- Opening Delimiter -

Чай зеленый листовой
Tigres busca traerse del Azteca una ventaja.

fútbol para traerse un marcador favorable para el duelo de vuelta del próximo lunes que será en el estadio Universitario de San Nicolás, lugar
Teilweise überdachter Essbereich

- Closing Delimiter -
- Opening Delimiter -

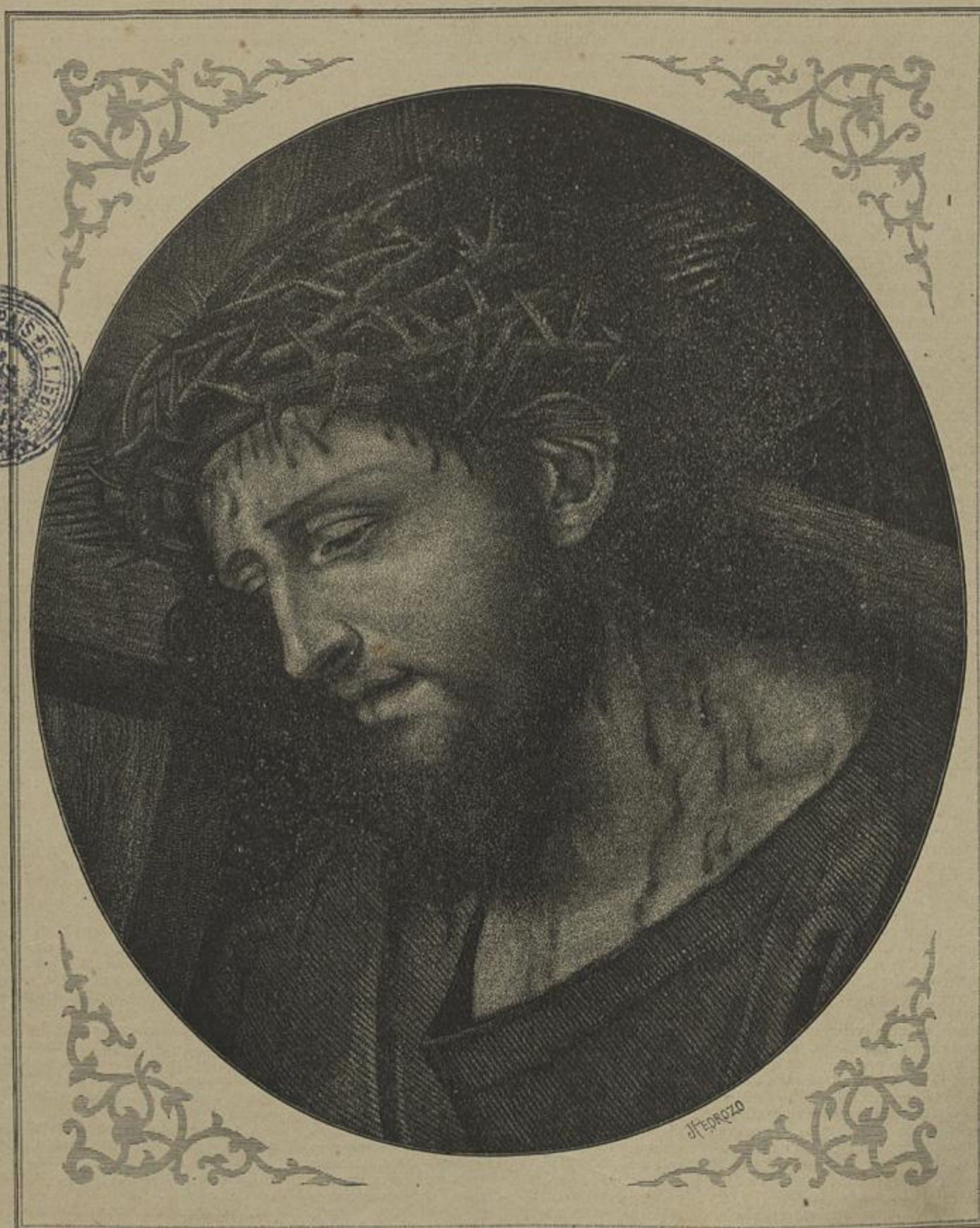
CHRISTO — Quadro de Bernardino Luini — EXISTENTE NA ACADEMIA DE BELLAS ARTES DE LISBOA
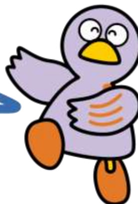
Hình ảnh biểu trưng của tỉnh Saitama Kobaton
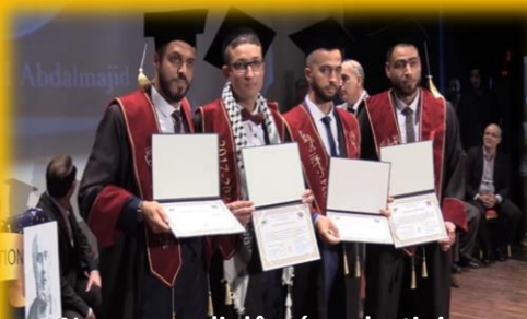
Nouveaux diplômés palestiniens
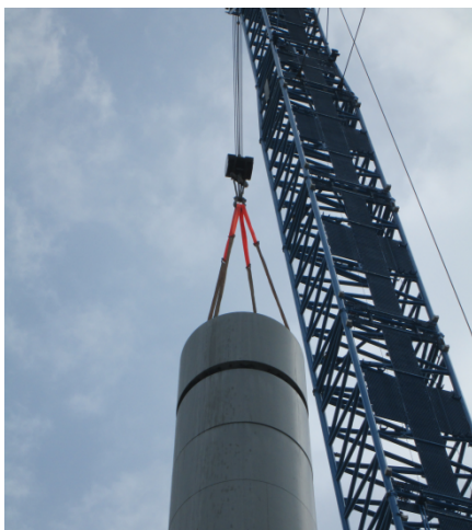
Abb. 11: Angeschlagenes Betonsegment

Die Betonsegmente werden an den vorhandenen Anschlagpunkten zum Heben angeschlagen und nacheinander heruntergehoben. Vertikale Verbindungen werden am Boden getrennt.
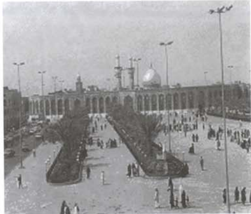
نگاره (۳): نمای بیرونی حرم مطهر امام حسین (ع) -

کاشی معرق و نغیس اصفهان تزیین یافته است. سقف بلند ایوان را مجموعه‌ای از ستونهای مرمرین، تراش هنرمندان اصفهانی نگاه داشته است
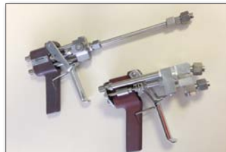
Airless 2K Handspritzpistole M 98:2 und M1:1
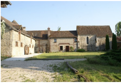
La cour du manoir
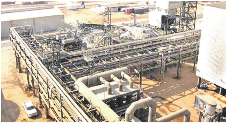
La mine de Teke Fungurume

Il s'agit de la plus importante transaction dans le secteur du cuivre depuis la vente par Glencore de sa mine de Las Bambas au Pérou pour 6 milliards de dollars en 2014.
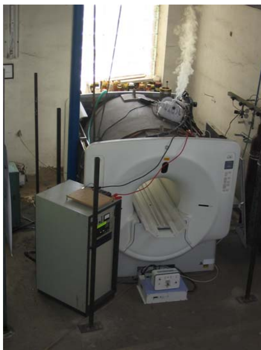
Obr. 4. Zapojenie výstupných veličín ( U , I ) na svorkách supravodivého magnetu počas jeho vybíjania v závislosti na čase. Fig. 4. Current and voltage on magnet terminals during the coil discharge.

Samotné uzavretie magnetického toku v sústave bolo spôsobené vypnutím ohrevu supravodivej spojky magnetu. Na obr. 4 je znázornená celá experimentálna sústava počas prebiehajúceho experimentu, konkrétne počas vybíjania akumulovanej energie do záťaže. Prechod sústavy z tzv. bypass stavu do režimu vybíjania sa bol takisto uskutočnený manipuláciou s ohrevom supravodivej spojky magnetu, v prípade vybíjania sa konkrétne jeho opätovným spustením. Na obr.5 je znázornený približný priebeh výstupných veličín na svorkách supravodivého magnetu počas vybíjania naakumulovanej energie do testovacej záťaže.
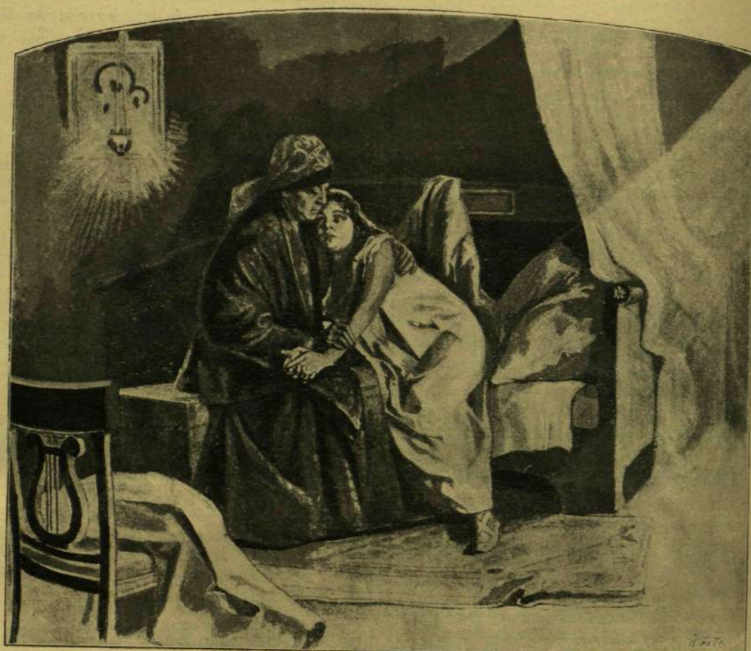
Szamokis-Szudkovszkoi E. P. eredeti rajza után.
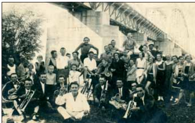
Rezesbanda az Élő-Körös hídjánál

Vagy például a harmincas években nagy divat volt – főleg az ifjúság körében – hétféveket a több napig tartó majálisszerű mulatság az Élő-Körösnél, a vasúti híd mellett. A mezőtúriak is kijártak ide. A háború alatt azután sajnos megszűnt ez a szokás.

- Closing Delimiter -

WHAT THE TASK REQUIRES:
In the listing above, find the line containing "Il s'agit de" and the line containing "Obr. 4. Zapojenie", then write out both of them and every line between, exactly, with no pictures.

RESPONSE BELOW:
Il s'agit de la plus importante transaction dans le secteur du cuivre depuis la vente par Glencore de sa mine de Las Bambas au Pérou pour 6 milliards de dollars en 2014.
Obr. 4. Zapojenie výstupných veličín ( U , I ) na svorkách supravodivého magnetu počas jeho vybíjania v závislosti na čase. Fig. 4. Current and voltage on magnet terminals during the coil discharge.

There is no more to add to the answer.